Las patas de los perros y de los gatos se parecen mucho a
simple vista, además de que las usan de forma similar para funciones como amortiguar
su peso corporal y manipular objetos. Pero… ¿y si usamos la lupa?
PATAS DE PERRO
Figura 1
Tanto los perros como los gatos
tienen almohadillas en la parte inferior de sus patas que actúan como amortiguadores.
El perro tiene seis almohadillas en total: cuatro son digitales, una metacarpiana
y otra carpiana. Las almohadillas digitales y metacarpianas ayudan a proteger
los huesos y las articulaciones del pie, mientras que la almohadilla carpiana
sirve para frenar y evitar que el animal se deslice. Esto último es importante
porque los perros sudan por las patas siendo un indicador del estado del animal
el que estén las almohadillas muy secas o muy húmedas. El espolón por su parte
no hace contacto con el suelo y dependiendo la raza tiene un uso protector o
ninguno relevante. También decir de la estructura de la pata que las garras son
similares a las uñas de una persona por cómo se extienden. Los perros, en
general, con sus patas maniobran objetos y cavan hoyos. Luego dependiendo de
las razas hay algunas como los San Bernardos que tienen patas extremadamente
grandes por el clima donde habitan y otras como los Terranova que tienen los
dedos más largos junto con los Labradores siendo excelentes nadadores.

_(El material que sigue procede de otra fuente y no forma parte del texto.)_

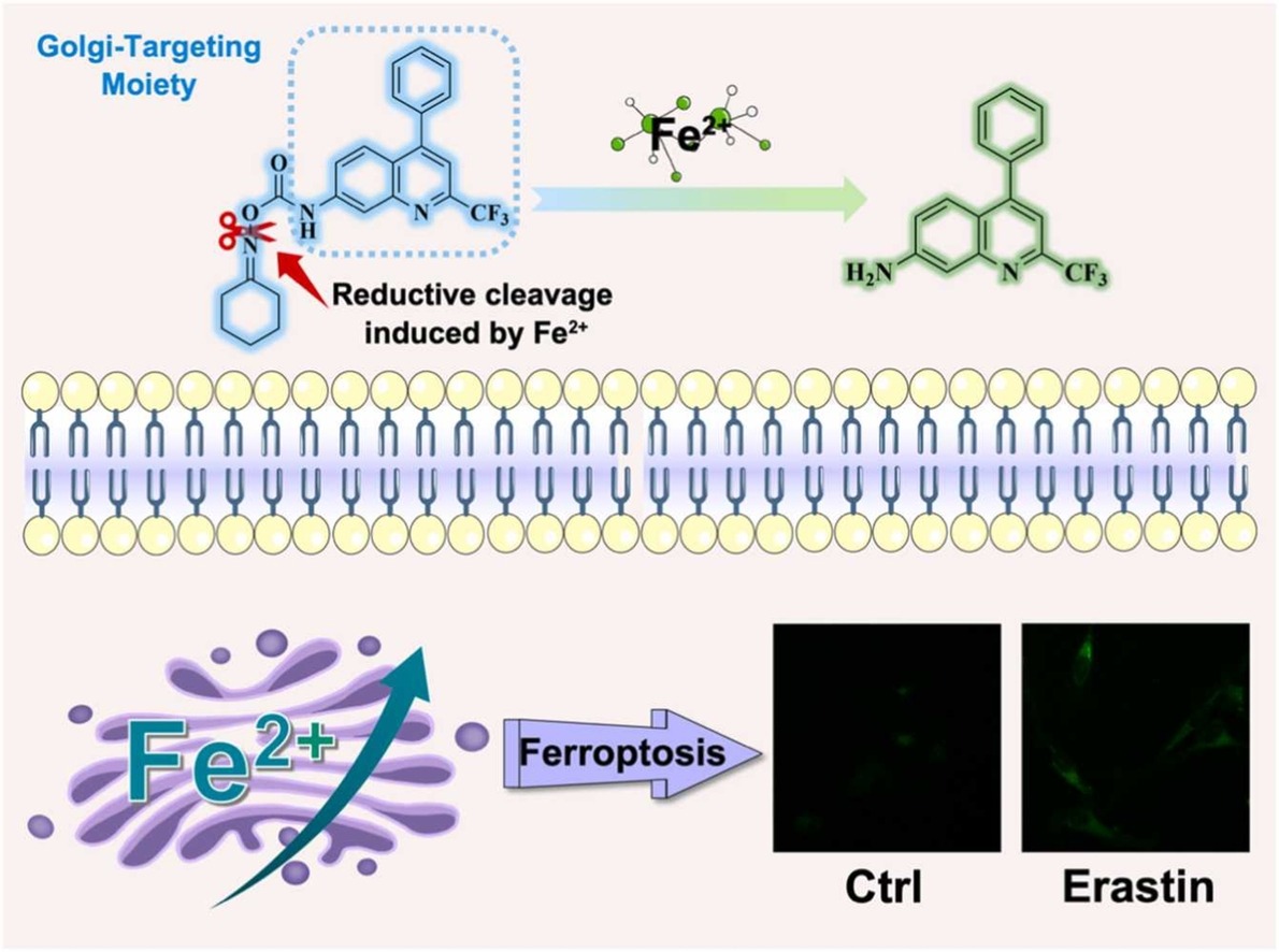 Yan, T.; Sheng, W.; Liu, C.; Cai, X.; Wang, Y.; Liu, X.; Wang, K.; Rong, X.; Fu, T.; Zhu, B. Visualization of Labile Fe2+ within the Golgi Apparatus during Ferroptosis Using a Novel Highly Specific Fluorescent Probe. Sensors and Actuators B: Chemical 2024, 136714. https://doi.org/10.1016/j.snb.2024.136714.

Por último,
sobre las patas de perro, dejaros la curiosidad reflejada en la figura 2 hecha
por Pictoline.
PATAS DE GATO
Figura 3. Fotografía de la izquierda hecha por Alba Sánchez
Las patas de los gatos tienen una
almohadilla más que los perros, siete: cinco digitales, una plantar y otra en
la muñeca. Al igual que los perros tienen glándulas sudoríparas en ellas, siéndoles
útiles para marcar su territorio además de mantener un equilibrio en su
temperatura corporal. Lo más destacable son seguro sus garras retráctiles, cuando
el gato está relajado, camina o juega con cuidado, las garras están recogidas,
pero cuando el gato necesita una herramienta o arma para derribar una presa se amplían
sus garras. También las usan cuando quieren agarrarse a zonas tras un gran
impulso, como puede ser un árbol o el sofá de tu casa.